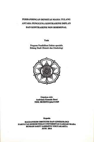 Dewi, Andriana Kumala (2014) Tesis “Perbandingan Densitas Massa Tulang antara Pengguna Kontrasepsi Implan dan Kontrasepsi Non Hormonal”. Skripsi thesis, Universitas Gadjah Mada Jogjakarta.
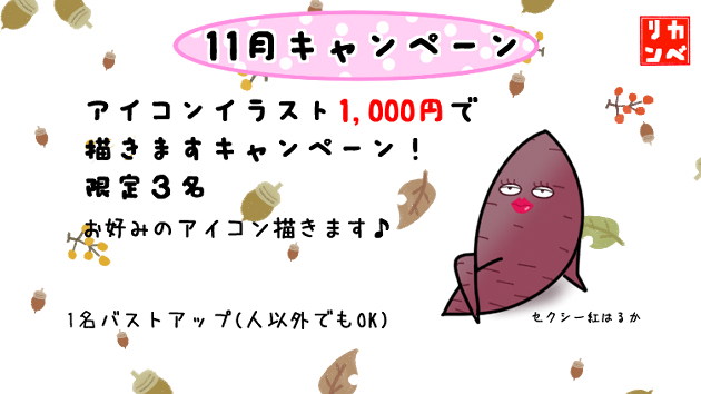 11月3名様限定で1,000円でイラスト描きますキャンペーンはじめました!
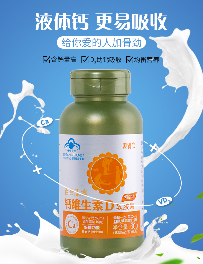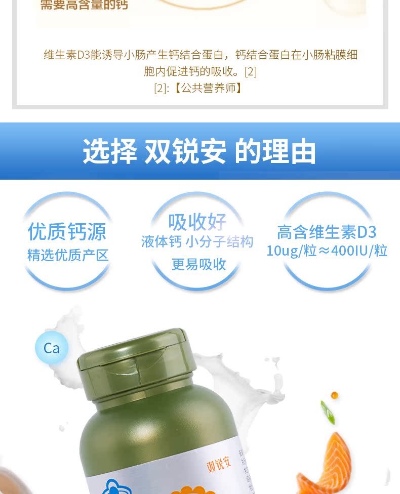 双锐安钙维生素D3胶囊,青少年补钙中老年女性液体钙,中性钙无刺激不上火,添加维生素D3高效吸收钙,针对国人体质研发营养刚刚好,国家蓝帽子认证安全放心~

Directions
The whole listing must be transcribed exactly. No pictures belong in the copy.

Solution to this exercise
 Dewi, Andriana Kumala (2014) Tesis “Perbandingan Densitas Massa Tulang antara Pengguna Kontrasepsi Implan dan Kontrasepsi Non Hormonal”. Skripsi thesis, Universitas Gadjah Mada Jogjakarta.
 11月3名様限定で1,000円でイラスト描きますキャンペーンはじめました!
 双锐安钙维生素D3胶囊,青少年补钙中老年女性液体钙,中性钙无刺激不上火,添加维生素D3高效吸收钙,针对国人体质研发营养刚刚好,国家蓝帽子认证安全放心~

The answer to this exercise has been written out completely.